━━ Extracted information
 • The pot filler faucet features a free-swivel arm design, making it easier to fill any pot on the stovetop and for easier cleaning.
━━━━
━━ Extracted information
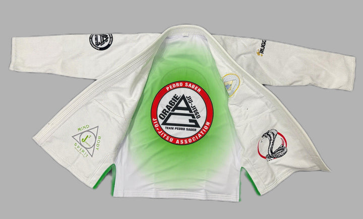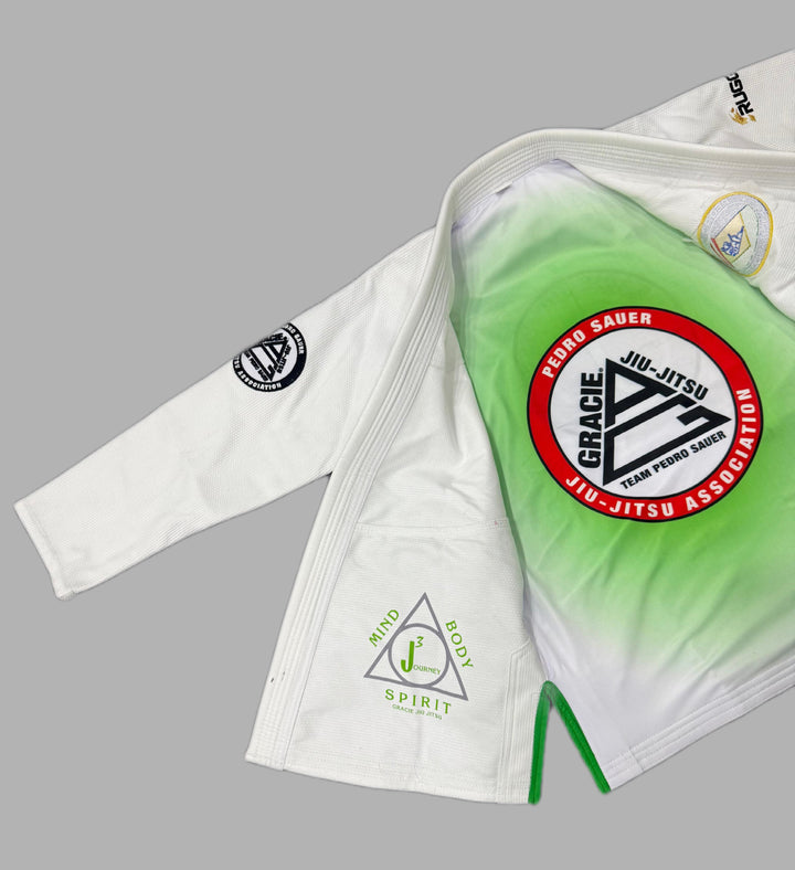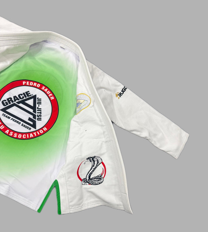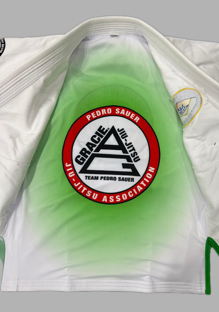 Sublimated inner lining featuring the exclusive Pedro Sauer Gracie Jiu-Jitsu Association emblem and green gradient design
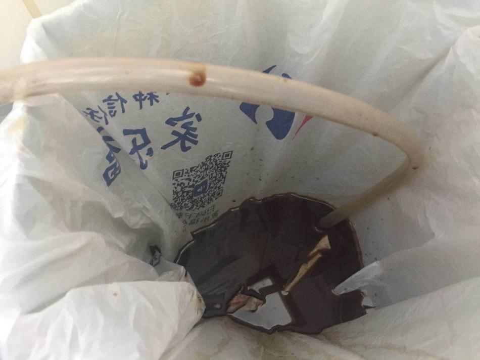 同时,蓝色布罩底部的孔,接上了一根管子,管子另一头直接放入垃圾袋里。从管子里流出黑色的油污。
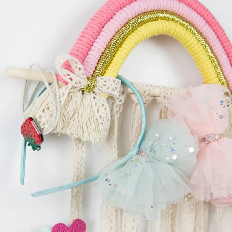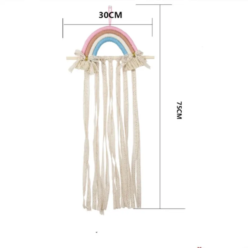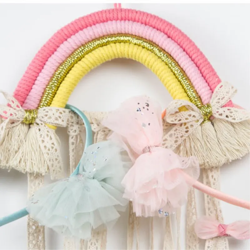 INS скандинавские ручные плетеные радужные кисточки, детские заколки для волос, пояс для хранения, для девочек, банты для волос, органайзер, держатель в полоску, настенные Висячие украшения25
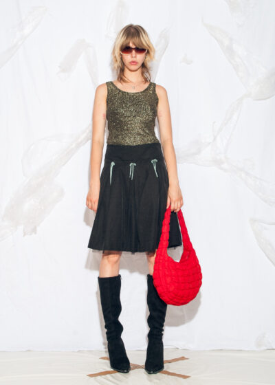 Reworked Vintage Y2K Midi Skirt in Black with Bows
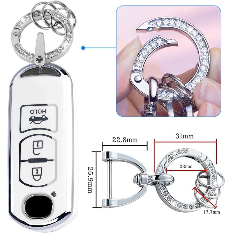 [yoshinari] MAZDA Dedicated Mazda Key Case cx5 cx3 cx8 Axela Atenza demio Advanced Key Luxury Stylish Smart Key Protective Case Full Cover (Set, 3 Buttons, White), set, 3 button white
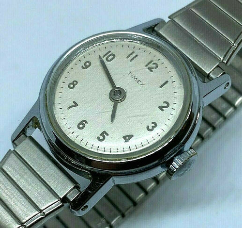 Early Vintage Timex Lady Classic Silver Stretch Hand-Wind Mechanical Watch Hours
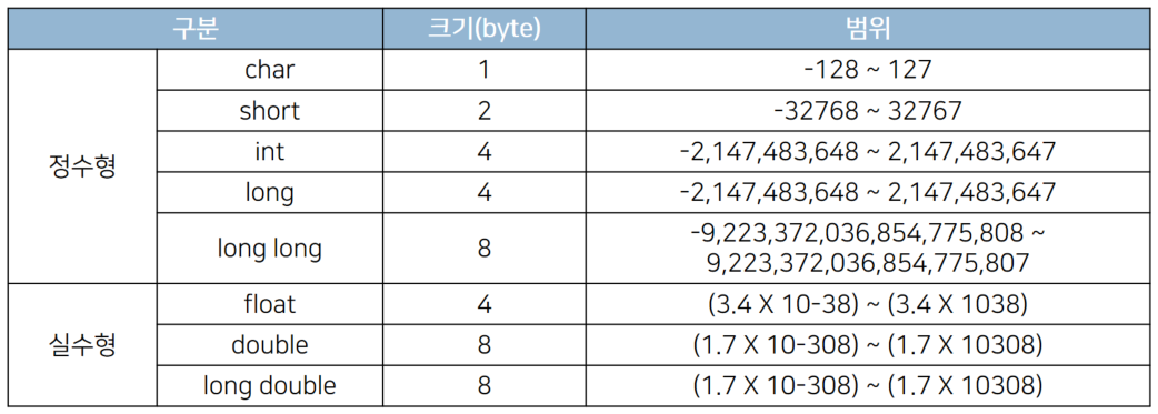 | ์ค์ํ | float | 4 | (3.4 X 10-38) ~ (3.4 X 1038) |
━━━━
Problem to work on »
With the pictures omitted, restate word for word the lines above from the line that has "Early Vintage Timex" up to and including the line that has "(3.4 X 1038) |", and no other lines.

Task answer »
 Early Vintage Timex Lady Classic Silver Stretch Hand-Wind Mechanical Watch Hours
 | ์ค์ํ | float | 4 | (3.4 X 10-38) ~ (3.4 X 1038) |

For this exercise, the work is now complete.